At the most practical level, I have found that the biggest obstacle people face in accepting Stoicism is its insistence that we are granted an authority over our own minds and wills. Yes, there may be an aversion to the claim that virtue is the only complete human good, and the corresponding indifference regarding pleasure, wealth, and fame, but the greatest confusion seems to arise regarding a complete responsibility for our judgments. 

 

“A lot of times I don’t really have a choice in what I need to do.
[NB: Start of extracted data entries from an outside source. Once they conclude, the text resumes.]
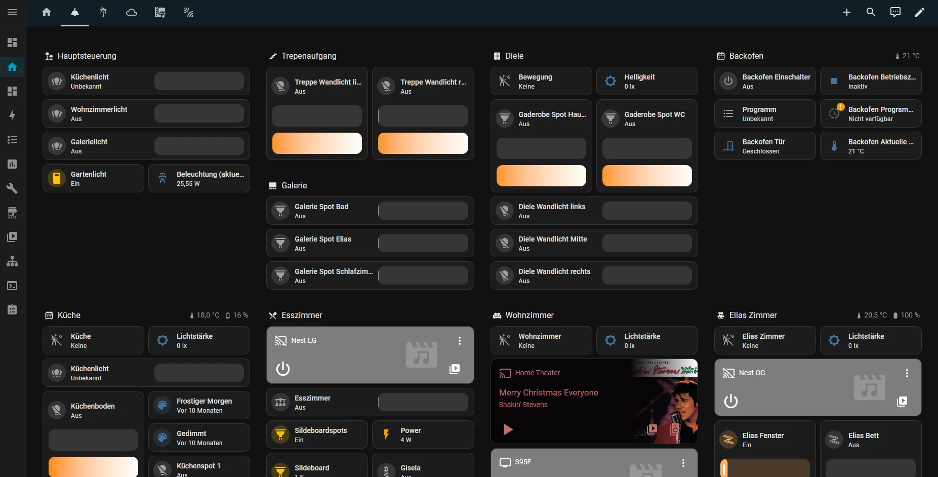 - Steuerung und Zugriff auf div. Smart Home-fähiger Geräte wie, Smart Lock, AV-Receiver, TVs, Smarte Displays, Wetterstation, Backofen, Waschmaschine, verschiedener Innen- und Außenbeleuchtung (z.B. aktivierbar über Bewegungs- und Licht-Sensoren oder GPS – Coming-Home, Leaving-Home) über Home Assistant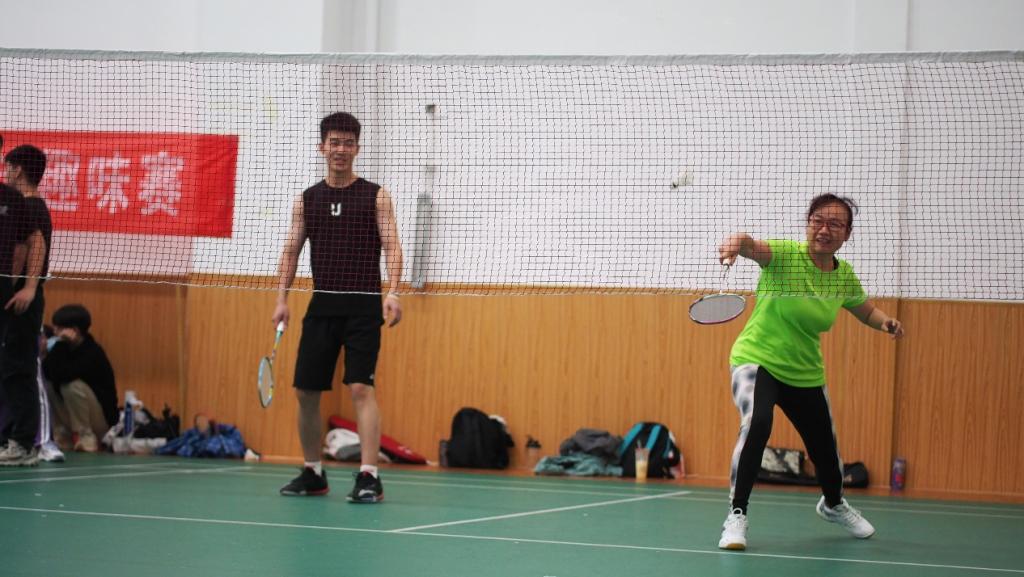 一声哨响,比赛在体育馆负一楼羽毛球场拉开帷幕。首先由主持人组织各队伍进行抽签,将12支队伍分成六组进行淘汰赛;抽完签后,各队根据对手人员进行排兵布阵,安排队员出场顺序。第一轮比赛赛制为“四场单打+三场双打”,经历激烈的比赛之后,几支队伍在排兵布阵上取得了良好成效,均以全胜晋级第二轮,其中王方、王向红老师也在赛场上展露雄姿,高远球、扣杀和吊球信手拈来,以高超的水准技惊全场。第二轮比赛采取第一轮积分排名第一和最后一名对打,以此类推,进行6进3的晋级赛。经历过第一轮的热身赛后,第二轮队伍的参赛选手皆斗志昂扬,第二轮赛制是“三场单打+两场双打”,随着比赛场次减少,竞争愈演愈烈,经过6支强队的激烈比拼后,3支队伍成功晋级决赛,进行最后的奖牌争夺战。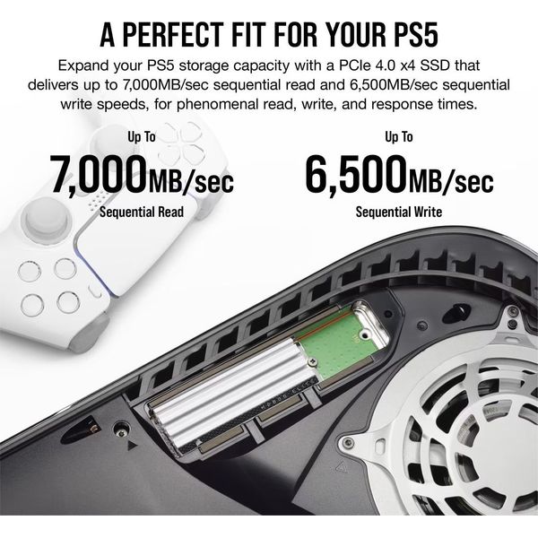 SSD CORSAIR MP600 ELITE 4TB NVME PCIE GEN4 X4 M.2 SSD WITH HEATSINK FOR PS5 CSSD-F4000GBMP600ECS

My thoughts follow their own path, and my decisions are made for me by the situations.”

 

It seems odd how those who are so confident of their ability to go out and master the world are often so sheepish about mastering themselves. 

 

I am sympathetic, because I do know how powerful the pressure of circumstances can feel, and I regularly doubt my capacity to overcome what is happening around me. And yet the very way I express my worries already reveals where the true problem lies: the external conditions will be as they are, though what I make of them by my estimation is another matter, and the only thing that needs to be overcome is my hesitation to do so. When I say that I can’t do it, what I actually mean is that I won’t do it. 

 

Impressions will indeed present themselves jarringly, and feelings will arise unbidden, and instincts will cry out in protest, but they need not determine my deliberate convictions, unless I freely surrender. To borrow from the Peripatetics, I am confusing material and efficient causes, the occasions about which I act and the agent who is doing the acting. 

 

While my tastes are admittedly eccentric, Patrick McGoohan’s brilliant performance as Number Six in The Prisoner always helps me to recall this strength of the human spirit. I can be indomitable, as long as I focus on what is properly mine to govern. 

 

I will not make any deals with you. I’ve resigned. I will not be pushed, filed, stamped, indexed, briefed, debriefed, or numbered. My life is my own. 

 

Nature is constantly directing me to my need for self-sufficiency, even as I get entangled in bargaining with Fortune. God made me in his image and likeness, even as I foolishly pursue everything except the dignity of my conscience. 

 

Like the priest who can be a means to receiving grace, while he is not himself the source of that grace, the philosopher can be a means to discovering the truth about myself, while he is not himself the author of that truth. 

 

Epictetus, who can sometimes appear to go off on tangents, is certainly still addressing the original topic here, by comparing the role of such an interpreter with the processes of logic. 

 

Understand that the medium always exists for the sake of a higher purpose, and then a training in dialectic will not feel so clinical and tiresome—the exercise of reasoning is a noble tool for building happiness.